Available data Block Start

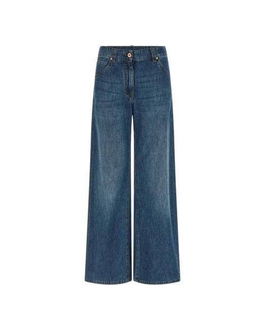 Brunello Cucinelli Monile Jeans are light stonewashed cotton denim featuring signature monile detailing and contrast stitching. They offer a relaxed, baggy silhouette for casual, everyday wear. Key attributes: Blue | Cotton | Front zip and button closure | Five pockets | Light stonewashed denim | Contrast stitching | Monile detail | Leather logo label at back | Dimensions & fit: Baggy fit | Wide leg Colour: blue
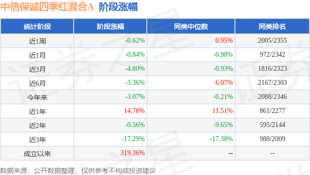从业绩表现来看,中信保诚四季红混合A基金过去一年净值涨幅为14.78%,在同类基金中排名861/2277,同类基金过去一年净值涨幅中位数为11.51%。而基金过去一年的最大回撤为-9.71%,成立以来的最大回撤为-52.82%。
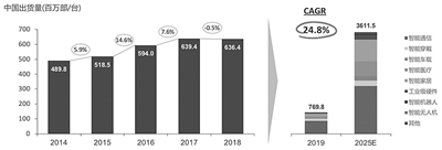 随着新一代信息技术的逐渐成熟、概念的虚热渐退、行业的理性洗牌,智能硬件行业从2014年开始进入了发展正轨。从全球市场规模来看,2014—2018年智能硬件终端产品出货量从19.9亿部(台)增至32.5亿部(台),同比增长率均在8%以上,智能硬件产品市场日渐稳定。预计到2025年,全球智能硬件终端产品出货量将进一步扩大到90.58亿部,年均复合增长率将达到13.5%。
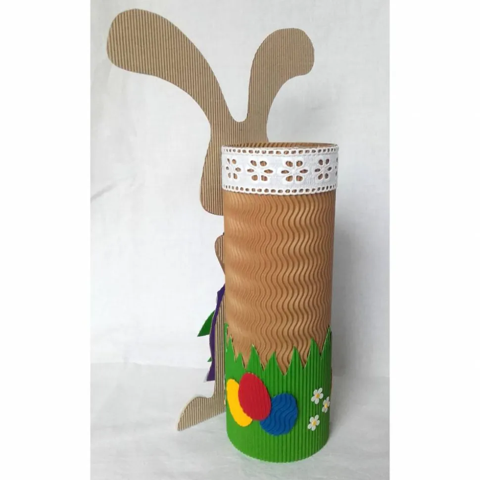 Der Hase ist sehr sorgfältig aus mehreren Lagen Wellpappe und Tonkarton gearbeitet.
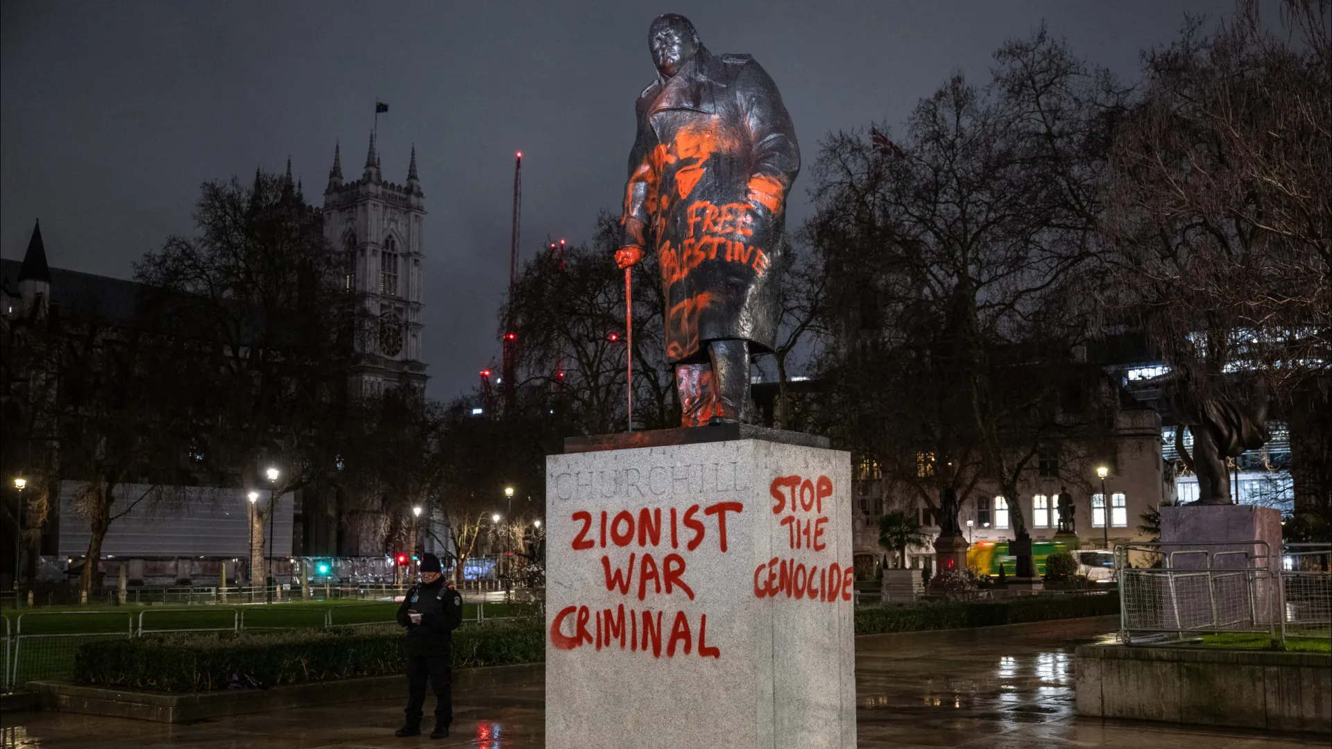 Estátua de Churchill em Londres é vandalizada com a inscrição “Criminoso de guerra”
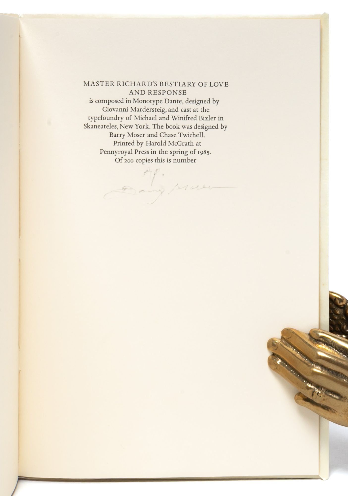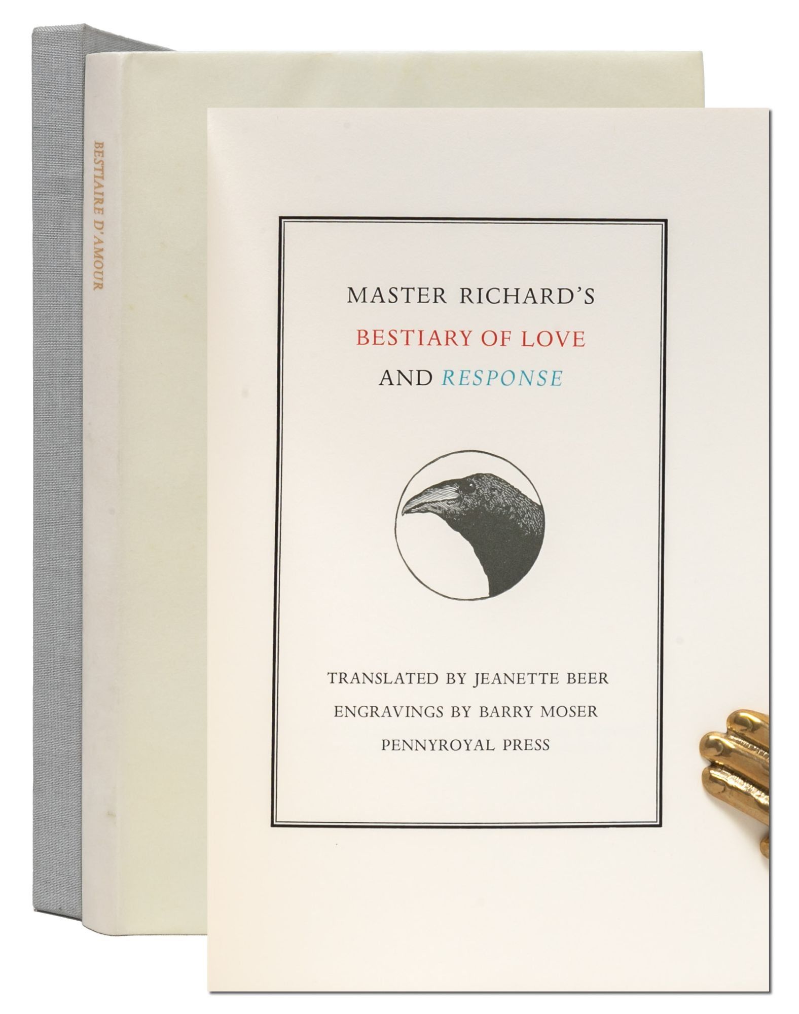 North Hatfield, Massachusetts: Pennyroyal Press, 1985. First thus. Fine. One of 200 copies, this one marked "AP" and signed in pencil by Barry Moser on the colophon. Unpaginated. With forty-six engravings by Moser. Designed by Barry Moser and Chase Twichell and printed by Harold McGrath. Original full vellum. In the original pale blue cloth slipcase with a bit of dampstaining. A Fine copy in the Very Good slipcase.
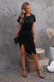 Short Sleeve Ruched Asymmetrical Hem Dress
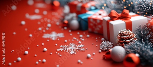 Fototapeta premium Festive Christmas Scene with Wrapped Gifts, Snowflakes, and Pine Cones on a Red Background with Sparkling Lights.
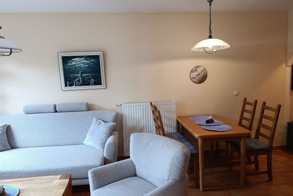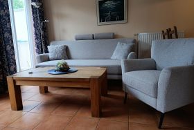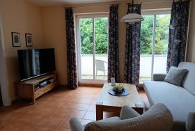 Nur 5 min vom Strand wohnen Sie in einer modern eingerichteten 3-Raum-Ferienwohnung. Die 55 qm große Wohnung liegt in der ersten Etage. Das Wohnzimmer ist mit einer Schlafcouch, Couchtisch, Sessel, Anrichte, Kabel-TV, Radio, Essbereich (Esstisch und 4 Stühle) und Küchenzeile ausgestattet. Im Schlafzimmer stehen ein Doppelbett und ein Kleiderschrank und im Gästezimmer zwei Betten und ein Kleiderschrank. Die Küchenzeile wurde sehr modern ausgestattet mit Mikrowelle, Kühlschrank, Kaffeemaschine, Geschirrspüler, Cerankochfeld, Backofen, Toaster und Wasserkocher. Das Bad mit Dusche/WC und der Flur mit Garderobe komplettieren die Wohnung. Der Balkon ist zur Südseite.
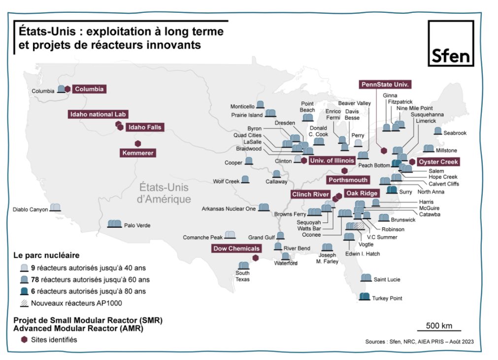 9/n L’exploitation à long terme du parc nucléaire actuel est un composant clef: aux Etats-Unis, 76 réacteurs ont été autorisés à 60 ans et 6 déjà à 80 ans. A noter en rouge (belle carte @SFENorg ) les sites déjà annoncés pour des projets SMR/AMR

Available data Block End
Available data Block Start

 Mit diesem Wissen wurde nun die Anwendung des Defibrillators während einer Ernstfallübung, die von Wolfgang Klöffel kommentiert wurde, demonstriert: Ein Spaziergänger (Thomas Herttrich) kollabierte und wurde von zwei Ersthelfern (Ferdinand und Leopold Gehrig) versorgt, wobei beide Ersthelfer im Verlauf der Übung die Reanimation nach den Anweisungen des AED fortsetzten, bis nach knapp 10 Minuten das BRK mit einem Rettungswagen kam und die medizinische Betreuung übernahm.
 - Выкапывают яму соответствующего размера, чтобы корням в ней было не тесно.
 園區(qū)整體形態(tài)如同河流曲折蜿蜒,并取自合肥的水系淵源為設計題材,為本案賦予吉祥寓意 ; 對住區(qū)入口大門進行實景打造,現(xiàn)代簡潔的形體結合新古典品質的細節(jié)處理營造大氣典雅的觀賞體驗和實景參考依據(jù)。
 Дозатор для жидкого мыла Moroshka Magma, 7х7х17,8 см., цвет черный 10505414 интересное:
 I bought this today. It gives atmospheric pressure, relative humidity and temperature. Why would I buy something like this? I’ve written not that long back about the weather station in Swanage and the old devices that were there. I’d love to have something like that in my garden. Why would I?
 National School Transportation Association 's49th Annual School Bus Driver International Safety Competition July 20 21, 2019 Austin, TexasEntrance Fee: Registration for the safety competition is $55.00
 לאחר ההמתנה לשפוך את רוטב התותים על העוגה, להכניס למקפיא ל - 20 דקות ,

Available data Block End

Action item »
Pictures aside, return exactly the lines from the data above, starting at the line that has "Brunello Cucinelli Monile" and ending at the line that has "随着新一代信息技术的逐渐成熟", both included.

Answer to this problem »
 Brunello Cucinelli Monile Jeans are light stonewashed cotton denim featuring signature monile detailing and contrast stitching. They offer a relaxed, baggy silhouette for casual, everyday wear. Key attributes: Blue | Cotton | Front zip and button closure | Five pockets | Light stonewashed denim | Contrast stitching | Monile detail | Leather logo label at back | Dimensions & fit: Baggy fit | Wide leg Colour: blue
从业绩表现来看,中信保诚四季红混合A基金过去一年净值涨幅为14.78%,在同类基金中排名861/2277,同类基金过去一年净值涨幅中位数为11.51%。而基金过去一年的最大回撤为-9.71%,成立以来的最大回撤为-52.82%。
 随着新一代信息技术的逐渐成熟、概念的虚热渐退、行业的理性洗牌,智能硬件行业从2014年开始进入了发展正轨。从全球市场规模来看,2014—2018年智能硬件终端产品出货量从19.9亿部(台)增至32.5亿部(台),同比增长率均在8%以上,智能硬件产品市场日渐稳定。预计到2025年,全球智能硬件终端产品出货量将进一步扩大到90.58亿部,年均复合增长率将达到13.5%。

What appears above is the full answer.